Washington monument at Mt. Vernon in Baltimore, Maryland, circa noon. Quality of the shots improves as the day goes on.

After the coffee break, I met up with Evan Mata and we caught up on school life, travel stories, and I finally got my oyster fix. Two key takeaways from our lunch were as follows: (1) we both wish we took more math courses in college (and in fact this appears to be a common trend for many of my college friends), and (2) Maryland oysters are still delicious, albeit not as cheap as I remembered.

After the lunch I made it back to the hotel where I finally could check in and catch my breath before the opening keynotes for the ASM NGS 2022. Besides the keynotes, and a brief chat over dinner the first day was not jam packed with activities, so I was able to crash early and catch up on some of the sleep that I missed due to the early flight.

Next day I attended a series of the talks in the morning, after which I headed for the University of Maryland, College Park. UMD campus is quite expansive, and in some strange way it reminded me of the University of Tennessee in Knoxville. The computer science building at UMD is quite impressive both in size and design, and many offices tend to have nice floor to ceiling windows, which is an awesome touch. I did not have too much time to explore the campus, as the visit was relatively tightly packed with meetings, and as soon as those were wrapped up I headed back to Baltimore.

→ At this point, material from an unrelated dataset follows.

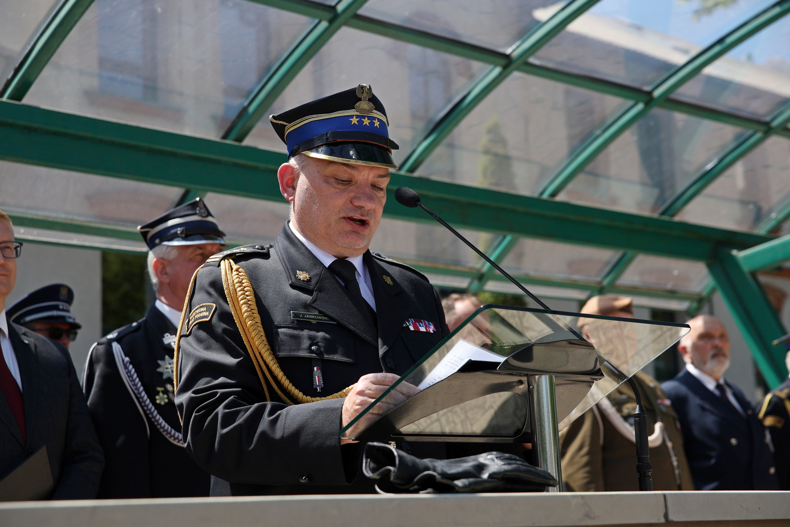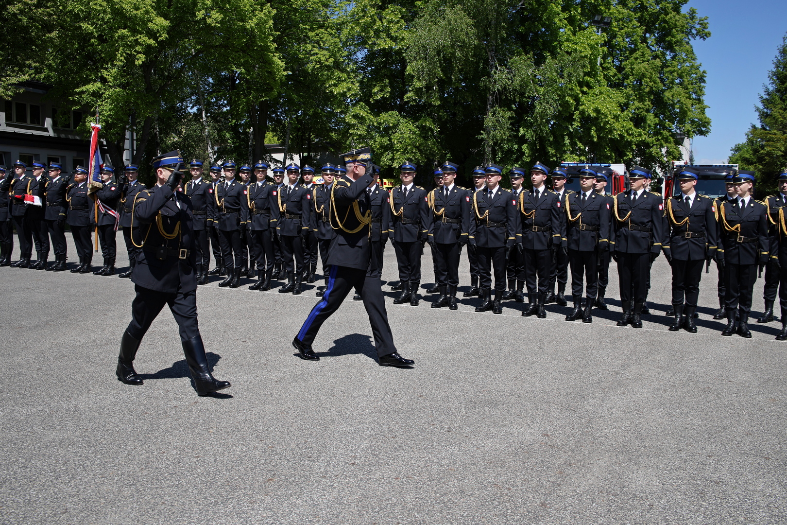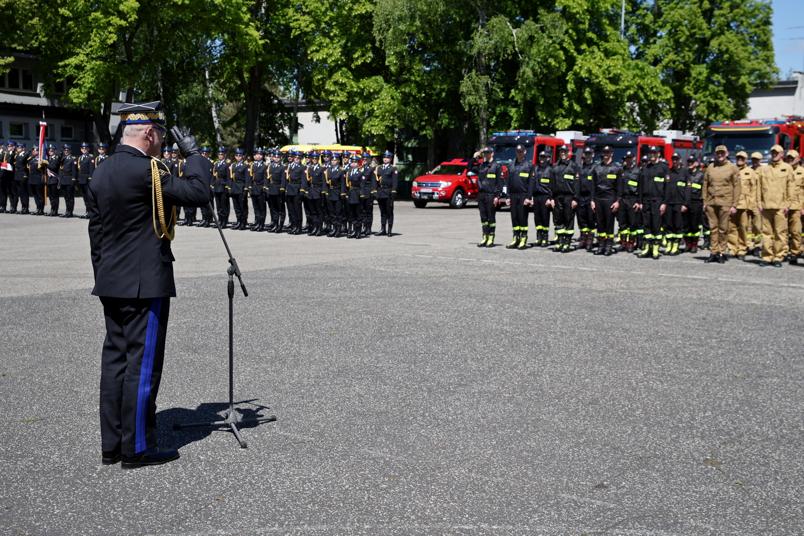 Otwierając uroczystość Komendant Centralnej Szkoły st. bryg. Jarosław Jankowski, przemawiając do strażaków, mówił m.in.: "Służba w szeregach Państwowej Straży Pożarnej jest trudna i odpowiedzialna. Wymaga hartu ducha, odwagi i poświęcenia w niesieniu pomocy drugiemu człowiekowi. Od wielu lat niezmiennie jako strażacy posiadamy największe zaufanie wśród rodaków. W roku 2024 ufało nam 94% społeczeństwa. To powód do dumy, ale także ogromna odpowiedzialność. To wynik naszej gotowości do bezinteresownego niesienia pomocy, gotowości do działań niezależnie od sytuacji. To my, strażacy, codziennie udowadniamy, że służba innym jest jednym z najważniejszych powołań, jakie człowiek może podjąć".

E. A. Fernandez IDEA Factory on the University of Maryland College Park campus. The only shot I took at the UMD campus (sadly, since the campus is quite pretty IMHO).

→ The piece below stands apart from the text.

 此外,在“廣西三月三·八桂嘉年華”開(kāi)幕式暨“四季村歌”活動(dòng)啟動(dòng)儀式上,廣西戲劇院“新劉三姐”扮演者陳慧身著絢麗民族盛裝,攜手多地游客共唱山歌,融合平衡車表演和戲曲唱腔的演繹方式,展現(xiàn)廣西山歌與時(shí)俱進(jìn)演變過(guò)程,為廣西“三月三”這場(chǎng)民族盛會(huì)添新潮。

Although, I unfortunately missed most of the afternoon talks on the first day, I still managed to catch the poster session. In general, I am a big fan of poster sessions. The main benefit of a poster (as opposed to a talk) is the ability to ask a multitude of questions about the nitty-gritty details of the work without feeling guilty of encroaching on other people’s time. I found a good number of quite interesting posters relating to SARS-CoV-2, bacteria and horizontal gene transfer, and even a poster on a speed up for neighbor-joining algorithm. After the poster session I briefly caught up with Mike Nute over dinner which importantly included a crab cake (another checklist food item for me on this trip).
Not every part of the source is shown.